We’ve come a long way since we first ideated this framework. Since its launch, Fabricator has helped double the number of feature pipelines supported within DoorDash. Throughout the development of this project we have been able to learn some key things and also make a large impact on the productivity of our data scientist which we will go into more detail on below.
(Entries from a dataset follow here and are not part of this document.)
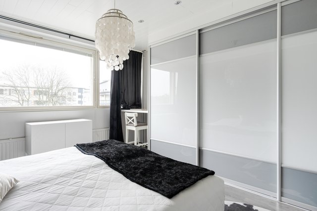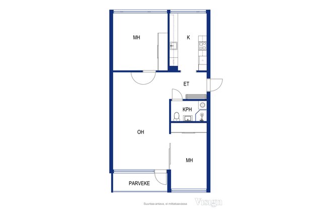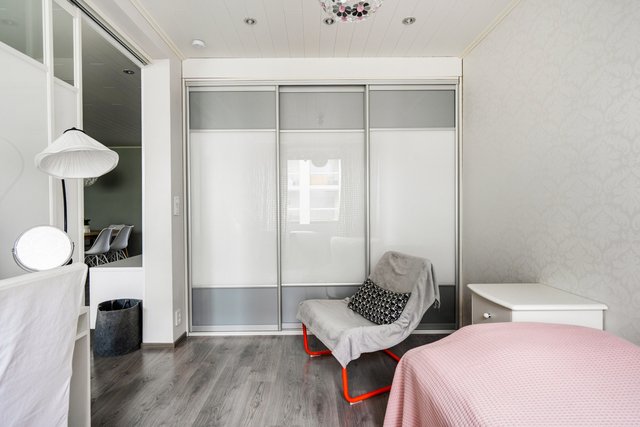 Läpitalon huoneisto, jonka makuuhuoneet sijaitsevat erillään toisistaan. Erillinen keittiö, johon mahtuu ruokapöytä. Lasitettu parveke ilta-auringon puolella, johon on asennettu Visorin parvekekaihtimet.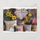 Ein wunderschöner Rahmen mit primitiven Antiquitäten wie einem Holzsteg, ca. 1860, Gelbwaren-Kronen, Sonnenblumen und einem Kissen aus lebendem Quilt gegen Barnwood.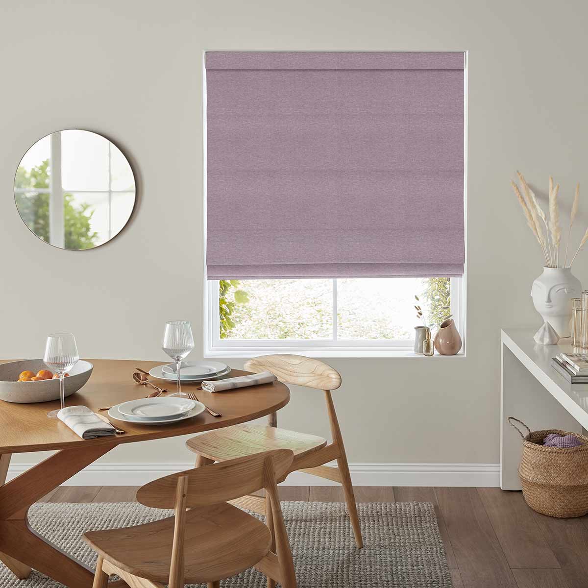 Featuring a blend of polyester and cotton, this soft textured fabric has a subtle purple-grey tone that is ideal for adding an open and stylish sense of comfort to any home’s decor.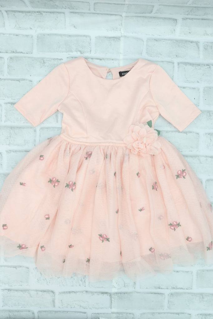 Zunie, Pink Party Dress with Floral Tulle Skirt, Size 4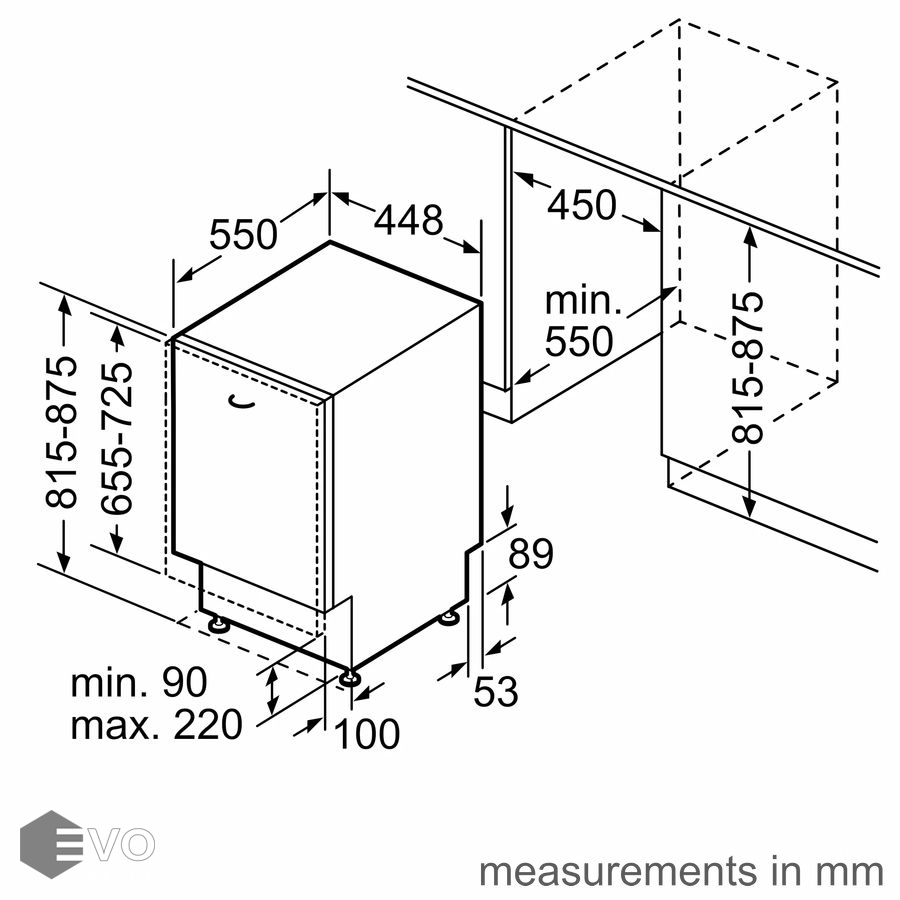 Размеры встраивания (ВхШхГ), мм: | 815-875х450х550 |

- Leveraging centralized changes such as array native storage and Spark-based UDFs for embeddings helped scale many of our embeddings pipelines by more than 12x in running time.
- An automated orchestration layer has made the process of backfilling much less cumbersome. We have backfilled more than 70 new jobs for up to one year of data, accelerating experiment timelines by many days in some cases.
- Optimizations are multiplicative : If you leverage a storage optimization that has twice as high throughput, and couple it with a UDF-based compute that is six times faster, cumulative wins are 12x. Such black box optimizations have brought down cumulative running times for many of our jobs from > 120 cluster hours to a few hours per day.
- Standardization accelerates development: Once you package 80% of the standard use cases behind a few simple knobs, the easing of the decision process makes iterations significantly faster, even if the underlying process didn’t change significantly.
- Parallelizable backfills provide a big boost to velocity: Backfills are an under-rated problem in machine learning data engineering. Just because one year of data backfill may take up to a few days to set up, data scientists may choose a small subsample of data to iterate faster. Having that data in a few hours instead makes iteration velocities much easier.
Much of this blog has focused on the batch abilities of the framework, but in reality ML data engineering is quickly navigating into lambda architectures. Fabricator was designed to natively operate between real time and batch feature pipelines, as the YAML describes, and leveraging that into working with hybrid pipelines (batch features bootstrapped with real time incremental features) is the future path.
Fabricator is a result of a large amount of cross functional collaboration across various platform and data science teams. I would like to acknowledge Hien Luu, Brian Seo and Nachiket Mrugank Paranjape for contributing to the growth of the framework. I would also like to acknowledge Satya Boora and his team for integrating Fabricator with our Data Infrastructure, as well as Abhi Ramachandran, Yu Zhang and the rest of the Data Science team for partnering with us to test our work.